# Soundcloud subscription - sigh



## Mornats (Jan 17, 2022)

I've just let my Soundcloud subscription drop from Pro Unlimited to free. Why?






And this year they were gong to charge £90. What pisses me off is that they never tell you the price, or that there's been a price rise, up-front. I only found out because they tried to take a payment from my old card that expired last year so I went along and checked. (The Pro plan got discontinued or bumped down in features if I recall so the Pro Unlimited was the replacement for that. Correct me if I'm wrong!)

They also tout monetisation as being a benefit of the pro unlimited plan and keep advertising that feature to me. Whenever I try to sign up for it I'm never eligible. So it's a not a feature of the plan is it? Urgh.
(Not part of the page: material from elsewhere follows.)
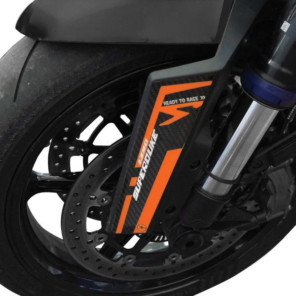 Motorbike stickers made of resin with 3D effect. Resin stickers to protect and decorate the mudguards of your motorbike. Graphics with carbon effect (carbon look) and details in orange or red, dedicated to colours from 2024 onwards KTM 1390 Super Duke R.

This sucks because I receive some really nice encouraging comments on my Soundcloud tracks and it's a great way to get some music up there.

So the tl;dr of this is that I'm annoyed because they put the price up without informing you and never tell you in advance that they're about to take a payment. Oh and the monetisation bullshit. Oh and also the fact I can't filter those bloody annoying reposts from my stream so I can never see the tracks from the people I actually follow!

Thanks for listening! I feel better now


----------



## Nico5 (Jan 18, 2022)

I honestly have no idea what the value proposition of SoundCloud is these days compared to distributing to the big streaming services via DistroKid or similar.


----------



## TomislavEP (Jan 18, 2022)

I've joined SoundCloud at the end of 2018. as a Pro member and since then, it automatically renews my Pro plan on a yearly basis. If I'm not mistaken, even though you can't purchase a Pro plan anymore, it is still available to those who never upgraded to Unlimited one. I could be wrong, though.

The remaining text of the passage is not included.